The pandemic underscored the challenges of balancing public health mandates with constitutional protections for religious freedom. In 2020, a federal judge in Kentucky struck down the state’s attempt to close religious schools during a Covid-19 spike, even as public and secular private schools complied. Extending public funding to religious charters could further erode the state’s ability to enforce neutral regulations, from health measures to curriculum standards. Such decisions privilege religious institutions over secular ones, creating a patchwork of inconsistent rules that could undermine public safety and equity.
Can these challenges be mitigated? Some experts argue for stricter regulations to preserve the public nature of charter schools. Bruce Baker, a professor of education finance, suggests limiting charter authorization to government agencies and requiring boards and employees to be public officials. Such reforms could ensure that charters remain accountable to taxpayers and subject to the same constitutional constraints as public schools.
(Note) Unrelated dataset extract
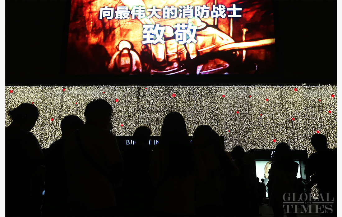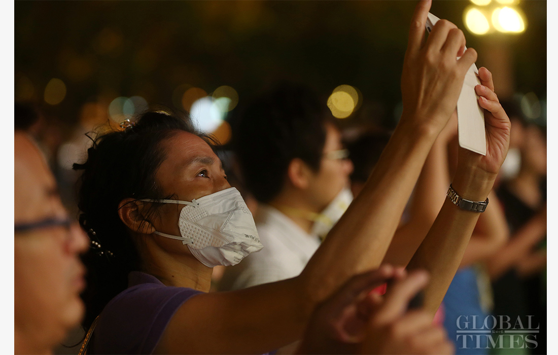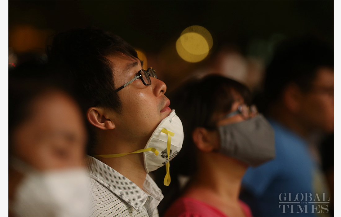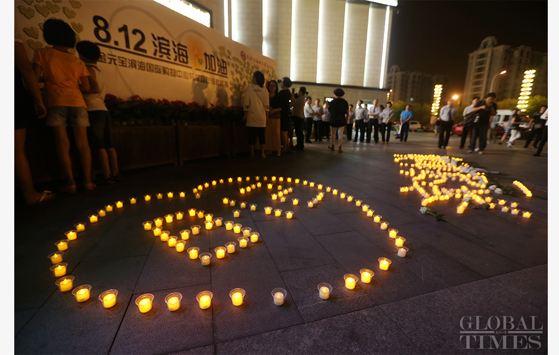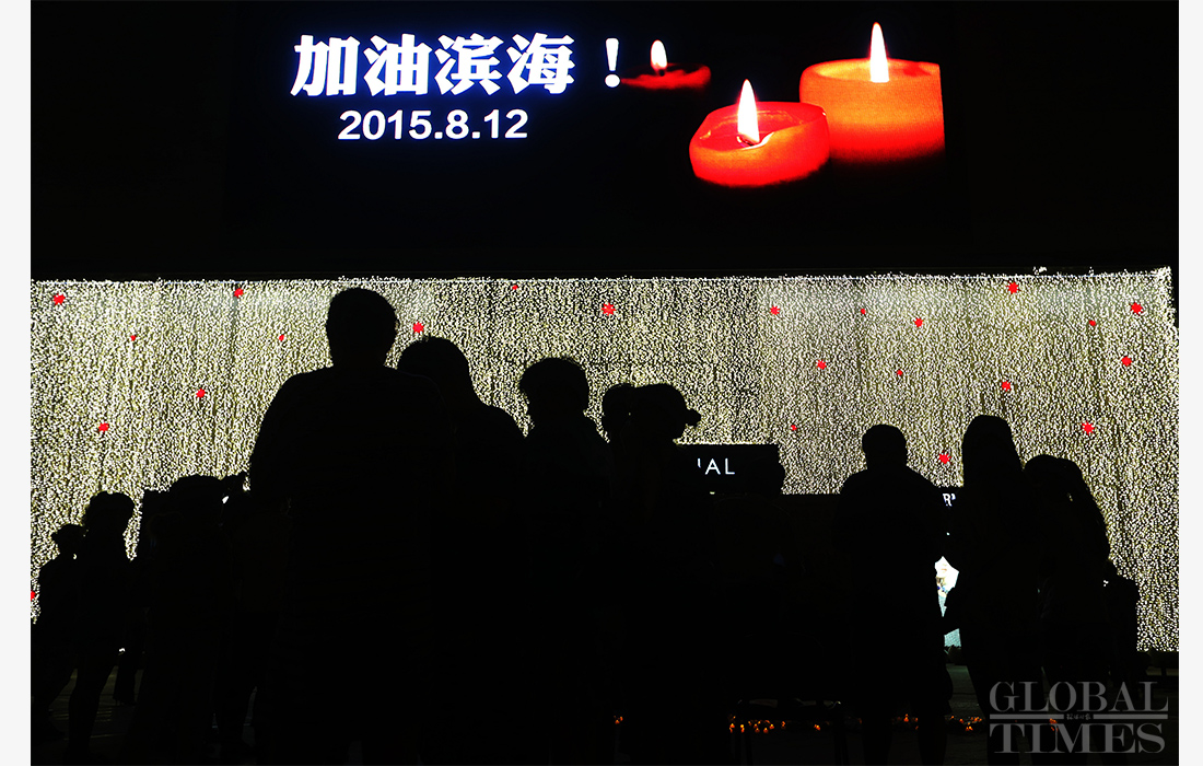 Crowds pray and hold vigils in front of Teda hospital and at a square for the victims of the Tianjin explosions on Sunday night. Passing vehicles honked their horns to pay homage. Photo: Cui Meng/GT

Other scholars, like Preston Green and Suzanne Eckes, propose requiring religious charters to forgo certain exemptions if they wish to receive public funding. Specifically, they recommend restructuring charter school boards as government-created and controlled entities to ensure they are unequivocally recognized as state actors subject to constitutional obligations. For example, this would require religious charters to comply fully with anti-discrimination laws and other public mandates, maintaining the balance between religious freedom and public accountability.
Even with these potential safeguards, the broader implications are sobering. If the court rules in favor of religious charters, states will face difficult choices: increase taxes to fund an expanding universe of religious and secular schools, divert money away from public schools, or create new bureaucracies to regulate religious institutions. Taxpayers could find themselves funding schools tied to a bewildering array of faiths, from mainstream denominations to fringe sects.
As the justices deliberate, they would do well to consider not just the legal arguments, but also the practical and moral consequences of their decision. What happens to a society when its public institutions are splintered along religious lines? And what happens to the students and families who depend on those institutions for equity, opportunity, and inclusion?
The answers to these questions will shape the future of American education—and the values we choose to uphold.